第20話
ヴィーラヴなる原石は、最初から優秀な鉱山で採掘され、革新的な研磨とカッティングを施し、上質なプラチナの台座に丁寧に置かれ、ダイヤモンドさえも脇石に追いやり、インクルージョンの全く存在しない至高の煌めきを照射する「華」となって咲き誇った。
同化と共有には程遠い存在……しかし、世間には寧ろ都合が良かった。原石達を研磨し、成長体験を共有し「虚構」体験を喜ぶ程の生命力は彼らには残されていなかった。社会環境、経済情勢も「それ」を許さなかった。

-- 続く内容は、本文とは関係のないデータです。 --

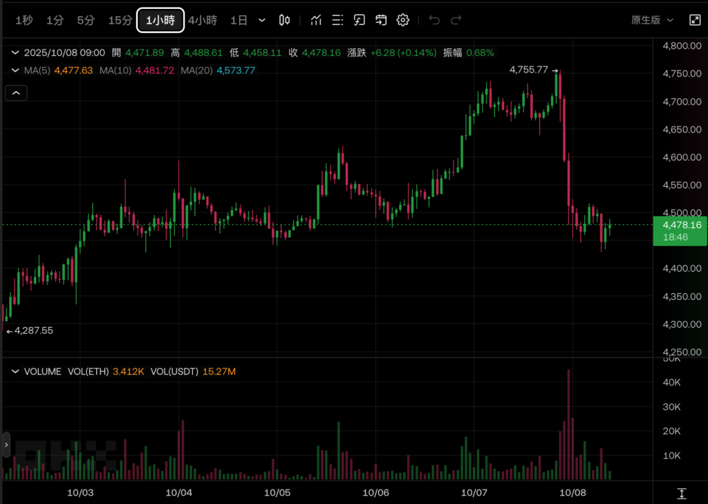 以太坊同樣受到衝擊,今晨最低下殺 4,428 美元,截稿前暫報 4,478 美元,近 24 小時下跌 4.18%。

閉塞した世界で、誰もが自分だけを守る為に全ての能力を費やしていたのだから。
「だから、都合が良かったのね……最初から煌めいていたヴィーラヴは、鬱屈した生活と心の闇を安易に照らし、浄化してくれる存在……舞さんもそう思うでしょう」
「そ、そうですね……」
私の「背後」に憑く過去に問いかける社長……曖昧な言葉で応じる私。
こうしてヴィーラヴは一躍、強者の頂点に君臨し、私達を陶酔させる……。
「まぁ、これからどうなってゆくのかは、私にもわからないけれど……」
肩を竦めての、ちゃぶ台返しの社長の発言で物語は締め括られた。
「よいしょっと……」
重い社長室のドアが「暴力的」に開かれた。滞留していた空気の圧力が私達の髪を揺らす。
「あーっ、ここにいたぁマイマイ」
社長室の威厳という「膜」を引きちぎりながら、アリスは私達に迫る。
「あらあらアリス、どうしたの」
こんな「光景」など、日常茶飯事……。
社長は滑る様に視線をアリスに移し、いなす。
「あらあら……じゃないよ、礼子さん。いつまでマイマイを独占してるのさ」
目上の、しかも社長という役職に対する言葉遣いを完全に無視したアリスの物言いと態度にも、社長は怒る事すらなく、仲の良い親子の様にアリスに接し、微笑みを振る舞う。
「ごめんなさい……色々話が弾んでしまって」
「またまたぁ……どうせ、アイドル氷河期うんぬんの話をマイマイに聞かせてたんでしょっ……ったく、礼子さんはそういう話をしだしたら止まらないんだから。私達なんかもう何回も同じ話聞かされてさぁ……」
「そうだったかしら」
「そうだよっ……いーいっマイマイっ、礼子さんのこの手の話はテキトーに流していいから」
「あら、そんな悲しい事、言わないで」
「はいはい出ましたぁ、その寂しげな表情……そんなに寂しかったら、男のひとりでも作れってぇの」
「相変わらず、厳しいわね」
社長という「壁」を乗り越え、全身全霊、本音で体当たりするアリス……まんざらでもない社長の表情と躰の仕草。